We only buy what is in season at the time, to be as close to the natural environment as possible. Peas are in season between June and July. Executive Chef Daniel Galmiche advises how best to enjoy them.
I always look forward to the change of seasons and how that is reflected on our plates, especially when it comes to side dishes and salads. Each season brings its own special selection of vegetables. The fresh, the earthy, the tender, the robust and the sweet, there is always something delicious and new to enjoy.
Peas are one such vegetable that add a wealth of flavour and texture and are available June to end of July. Whether steamed, sautéed, roasted, baked or grilled, the possibilities are endless and the bonus of growing them yourself is that you gain all of the flavour. Lightly blanched really retains their texture and are wonderful to eat alone.
Peas are best when not prepared with too much fuss. Lightly blanched or boiling briefly and they can be added to stews and risottos or pasta.
Or – peas and pancetta, what a wonderful combination. Indeed, fresh peas are really versatile and so much tastier fresh from the garden and used in more innovative ways.
For wine matching, a fresh Loire Sauvignon Blanc can go well with creamy pea risotto, whereas a more exuberant herbaceous Marlborough version can go well with a heavier pasta.
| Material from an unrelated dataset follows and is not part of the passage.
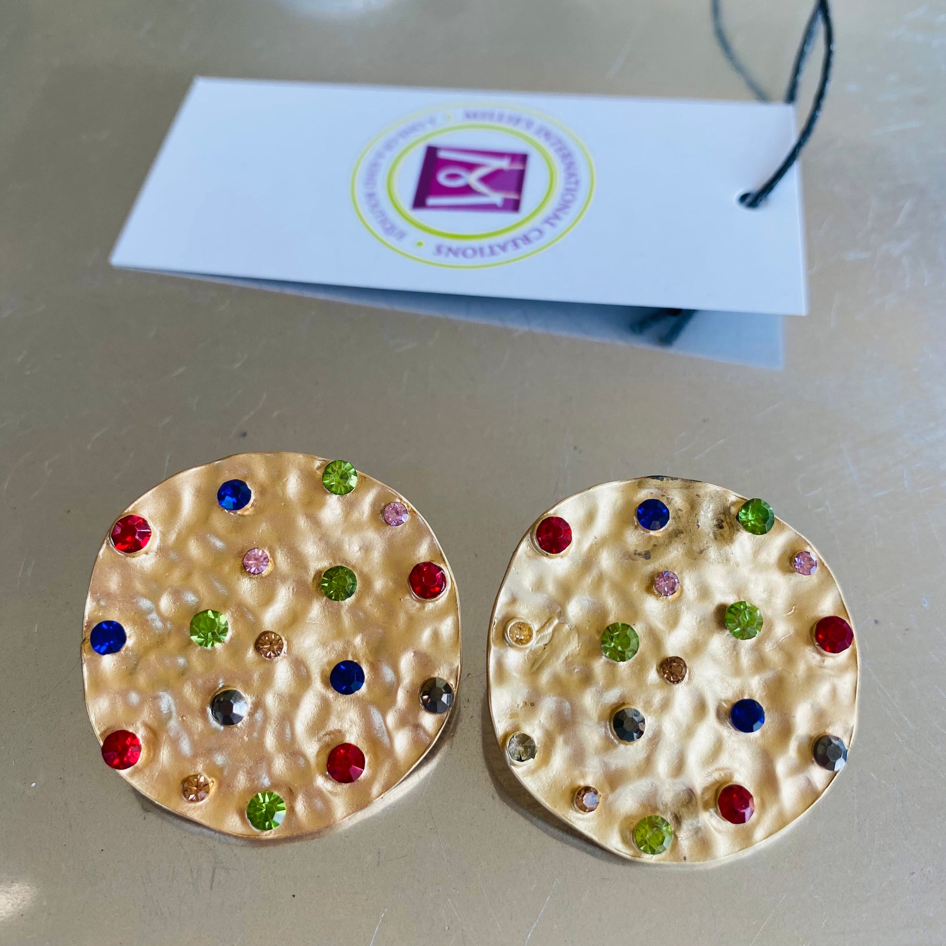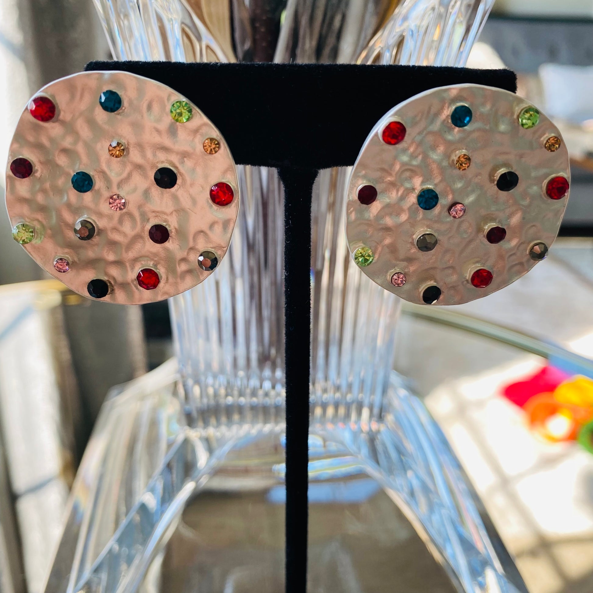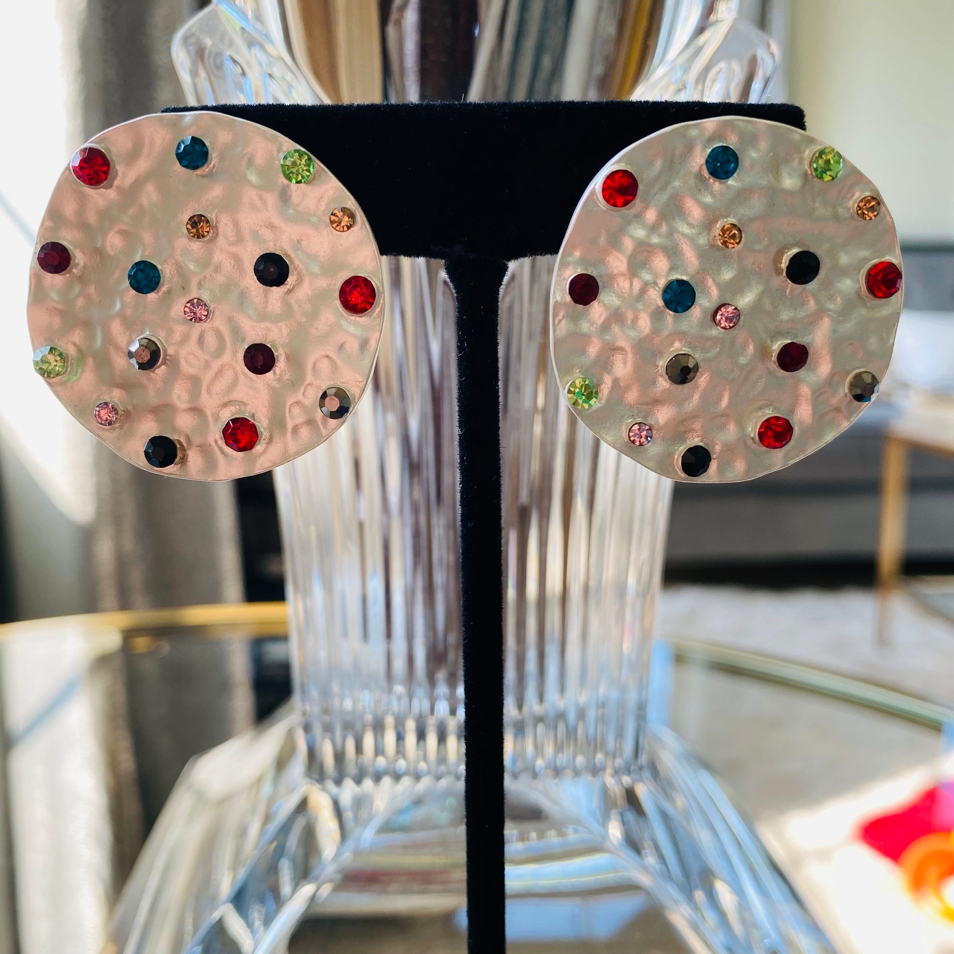 Alloy accented with crystal beads; oversized studs; super cute and lightweight; can be dressed up or down.

For a pea salad, a not-too-leesy Picpoul or Albariño would work well too – the clean and neutral notes would enhance the delicate pea flavours…bon appetit!
Fish plays a big part on our menu and sustainable line-caught or certified organic fish, including hand-dived scallops is something we are committed to and believe in strongly. Here, Executive Chef Daniel Galmiche highlights the wonders of mackerel, tuna and crab and their wine pairing, all in-season now.
The sustainability of fish is a big issue these days and is very important that I find the right suppliers who will provide the best possible fish that is also sourced from sustainable stocks. It is too easy to forget that most species are overfished and therefore becoming expensive, as well as increasingly rare.
The beautiful mackerel with its black and blue stripes, full of omega-3 fatty acids and packed with goodness is delicious grilled, smoked, pan-roasted, whole or in fillet form. Lime works with the flavour of the fish really well. Depending on how it is served, medium-bodied crisp whites such as Muscadet, Gavi di Gavi or Picpoul de Pinet work very well with this fish.
I also adore tuna, especially blue fin tuna which is incredibly rare. I source yellow-fin or skipjack tuna instead. I love tuna raw, pan-fried or marinated and it is delicious also in a Niçoise salad. This fish works well with rich full-bodied whites such as Australian Chardonnay, or light-bodied reds such as a New Zealand Pinot Noir.
Crab is now in season and when selecting crab meat to buy, as with every fish, it is so important to buy fresh, quality produce from a good source. Crabs should look undamaged and feel heavy for their size. Again this works well with aromatic medium-dry whites such as South African Chenin Blanc or crisp dry whites such as unoaked Chardonnay.